When States Buy Chinese, America Is Put at Risk | Opinion
As a former Army Intelligence general, I shared Americans' contempt at the sight of a Chinese spy balloon floating above the United States earlier this month. It was a brazen symbol of disrespect for American sovereignty and our world-class detection capabilities. More troublingly, it was just the tip of a Chinese espionage iceberg inside the U.S.
China is everywhere—operations targeting American politicians and theft of commercial information from American companies are just two deeply established (and frankly, successful) lines of effort. While American leaders are thankfully working to close these security gaps, they are still paying inadequate attention to a major vulnerability at the state level: U.S. state governments have purchased millions of dollars' worth of technology manufactured by companies beholden to Beijing.
That the Chinese Communist Party (CCP) is actively penetrating state government systems isn't new information. Last year, cybersecurity firm Mandiant reported that Chinese hacking groups working at the CCP's direction had hacked six state government computer networks. Mandiant noted that the intruders were able to conduct this cyber breach by exploiting, in the words of the Associated Press, "a previously unknown vulnerability in an off-the-shelf commercial web application used by 18 states for animal health management." Cybersecurity expert Joseph Steinberg commented on the incident: "If we know that six states were breached by Chinese spies, it means we know 44 states probably have Chinese spies operating on their network that we don't know about."

As this incident shows, the CCP can exploit almost any technology to spy, steal, and harvest data, and is positioned organizationally, financially, and politically to make that happen. But the fact that Chinese-owned and operated companies such as Lexmark, Lenovo, Hikvision, and DJI have millions of dollars' worth of state government contracts makes the situation even more dangerous. China's 2017 National Intelligence Law obligates all Chinese companies to cooperate with any Chinese government directive to hand over information in their possession. That means any U.S. user data and sensitive knowledge—including health and financial data—can be in Beijing's possession. This concern is the main reason so many nations have banned the Chinese telecom giant Huawei from their 5G networks.
Federal national security agencies understand the risks of companies such Lexmark, Lenovo, Hikvision, and DJI. The Marine Corps discovered in 2008 that Lenovo laptops were sending data back to China. A Marine network operations officer testifying in court about the matter stated, "A large amount of Lenovo laptops were sold to the U.S. military that had a chip encrypted on the motherboard that would record all the data that was being inputted into that laptop and send it back to China....That was a huge security breach." In 2019 the Department of Defense Inspector General labeled Lenovo and Lexmark products "known cybersecurity risks." The entire federal government was banned from purchasing Hikvision products – primarily surveillance cameras—that same year. In 2018 the Pentagon banned purchases from drone maker DJI, and the Department of Homeland Security warned that DJI was "providing U.S. critical infrastructure and law enforcement data to the Chinese government."

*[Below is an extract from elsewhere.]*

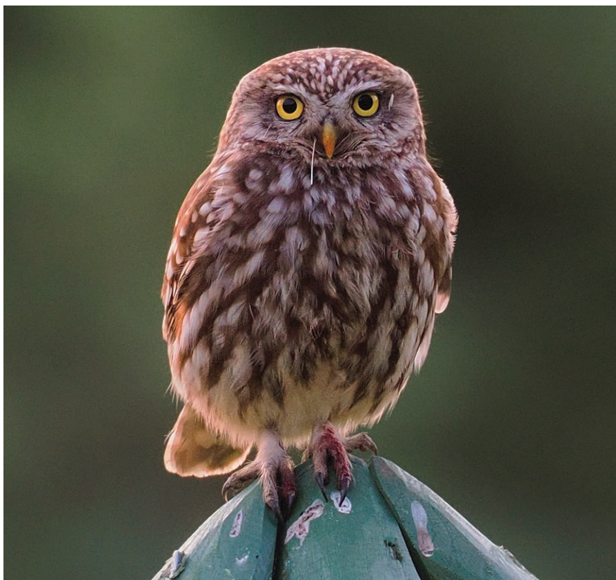
Sýček obecný.

Volně pohozené sítě, provázky či staré konstrukce mohou způsobit zamotání a úhyn nejen sýčků, ale i dalších ptáků. Stačí rozhlédnout se

But state governments haven't kept pace with the federal government. The organization of which I am a principal, China Tech Threat (CTT), recently updated research initially published in 2020 on how U.S. states have entered into contracts to purchase IT equipment made by Chinese-owned and operated companies. The sum total spent is staggering: CTT's latest review of contract information and public databases from 28 states found that states have cumulatively bought a total of at least $230 million worth of Lexmark or Lenovo equipment since 2015, with individual states spending up to $47 million.
The Delaware Department of Elections, the Hawaii Department of Taxation, and the South Dakota Department of Emergency Management are just a few state government entities to have unwittingly abetted CCP access to Americans' data by buying either Lexmark or Lenovo products. The financial disincentives to ending these relationships can be strong: Just this past weekend, I observed a Lenovo sponsorship prominently displayed at North Carolina State University's basketball arena.
The good news is that momentum to confront these threats is building at the state level. By CTT's count, in 2020, only a single state (Vermont) had pursued legislation to restrict U.S. states from buying technology manufactured by a Chinese owned or operated company. In 2022, that number had risen to five, and today it is at least 11.
New policies launched in Georgia and Florida in 2022 have fueled the flurry of states working on legislation prohibiting Chinese owned or operated companies from participating in state contracts. Georgia S.B. 346 has even served as model legislation which the American Legislative Exchange Council (ALEC)—the nation's largest network of state legislators—has promulgated to its members. But both the Georgia law and the ALEC legislation retain a loophole that allows third-party vendors to continue selling Chinese gear to the states. That flaw must be remedied, and legislators in other states must be careful not to repeat that mistake as they draft their own new bills. When it comes to defending America from the Chinese Communist Party, Sacramento and Bismarck are no less a locus of competition than Shanghai and Beijing.
Retired U.S. Army Major General James "Spider" Marks is a principal at China Tech Threat. His final posting in uniform was as the Commanding General of the U.S. Army Intelligence School in Fort Huachuca, Arizona.
The views expressed in this article are the writer's own.